The question is: do we want to continue down this path?

It would solve issues like #873 and #862.

TODO

Add docs
Do some manual testing to make sure this works as expected

deleugpn · 2021-03-25T14:47:43Z

I get a segmentation fault when SIGALRM is triggers while the application is waiting for IO

Isn't every connection timeout an IO operation that PHP is waiting?

This does not work for PHP-FPM since it the application run in a child process

This seems to me like a strong enough limitation that may indicate it's not worth it to support it? It does bring a nice idea to the table though: what if we offer a Debugging Layer where you can write a basic function invocation and run the code that's getting timeout from it so that you might get a better idea where it's stopping?
By making it an explicit debugging layer, we don't need to guarantee production-ready quality and perhaps we can even try to include default debugging statements that will get logged? In the end people will use this in order to figure out why their Lambda can't connect somewhere (VPC, Firewall, Security Group, NAT Gateway, Internet Gateway, NACL, etc) which has nothing to do with the code itself.

mnapoli · 2021-03-25T15:02:39Z

Hey, I wonder if something similar could be used in the PHP-FPM worker (the process handling the request)?

That could be done as a Symfony/Laravel package?

I'm not familiar enough with signals like that to know if that could work.

Also another solution is to find a way for logs to be streamed correctly. Or else, find a way to force shorter timeouts on all connections in all frameworks, but I have no idea if that's even remotely possible.

Nyholm · 2021-03-25T15:10:42Z

Isn't every connection timeout an IO operation that PHP is waiting?

Yeah.. Each curl request, file load or sleep is IO operations. But this is a PHP bug that I assume will be fixed soon. (I updated the PR description with a bug report).

This seems to me like a strong enough limitation that may indicate it's not worth it to support it

Im not sure.. I strongly believe in a future were all PHP applications are using a runtime. See #889.

I wonder if something similar could be used in the PHP-FPM worker

Probably, yes.

That could be done as a Symfony/Laravel package?

Yes, it is called runtime/bref =)

Also another solution is to find a way for logs to be streamed correctly.

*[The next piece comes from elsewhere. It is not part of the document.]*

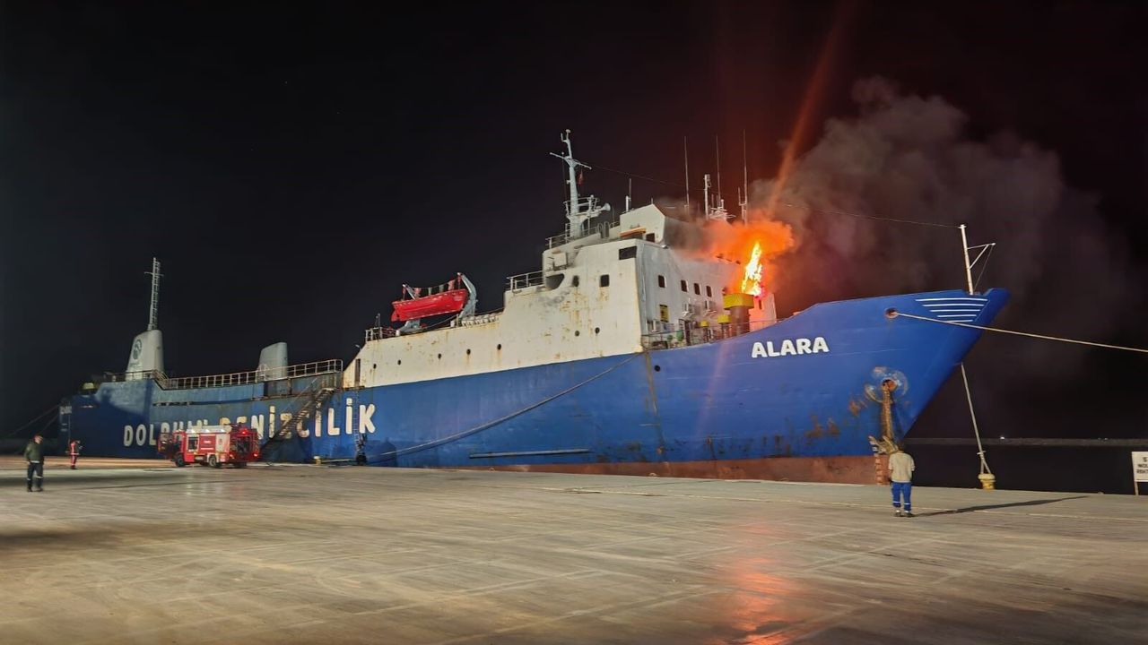 Silifke Taşucu Limanı’nda demirli Alara 2 isimli yük gemisinin mürettebat kamerasında çıkan yangın, sabaha karşı söndürüldü.

I dont think that is possible. Or.. there is a difference between application logs and FPM logs. For the FPM logs => I have no idea.
For the application logs: Monolog buffers the logs and we need to tell the logger to flush the buffer (ie, destruct the logger). So it needs an exception to be thrown.

Debug layer

I like the idea, But it does not solve the problem where 1/10000 request to my live application times out and I want to find out what happens. If the "debug layer" is not production ready, the I would not be happy adding it to my production environment.

Nyholm · 2021-03-25T21:16:55Z

I reorganized things.

I've updated LambdaRuntime to get a bool parameter to enable throwing TimeoutException. This is enabled in the bootstrap files in php-xx and console. It is not enabled in the php-fpm. For FPM the user needs to update their application by adding Bref\Timeout\Timeout::enable(). This will read the environment variables and set the timeout.

I think this is a good way forward. I would like to get another review before I add tests and docs.

Nyholm · 2021-03-25T22:38:36Z

You may also control this behavior with BREF_TIMEOUT.
Value 0 is "auto". Value "-1" is disabled. Positive values sets the timeout.

src/Runtime/LambdaRuntime.php

tests/Timeout/TimeoutTest.php

Nyholm · 2021-03-26T07:39:13Z

A PHP-FPM user would have to write something like:

if (isset($_SERVER['LAMBDA_TASK_ROOT'])) {
    Bref\Timeout\Timeout::enable();
}

Preferably as soon as possible, ie Kernel::handle() or index.php.

src/Timeout/Timeout.php

src/Runtime/LambdaRuntime.php

src/Timeout/Timeout.php

mnapoli · 2021-03-26T15:32:44Z

Thanks, following our discussions I've opened Nyholm#3 to remove the option of configuring the duration timeout via an environment variable.

@Nyholm

* Always base the timeout duration on the configured Lambda timeout * Make sure that we can never enable the Bref timeout in the FPM bootstrap process * Remove unnecessary private method `timeoutAfter()` * Allow using falsy values for `BREF_FEATURE_TIMEOUT`, e.g. `0` or `''`, to allow disabling the feature * Cleanup global state * Improve tests following @Nyholm's feedback

Nyholm · 2021-03-30T09:43:48Z

The support PR is merged. This PR is now ready for a final rounds of review.

Nyholm

Im 👍

We don't mention that the logs from php-fpm also will be flushed, but that is a technical detail I think it is okey to skip.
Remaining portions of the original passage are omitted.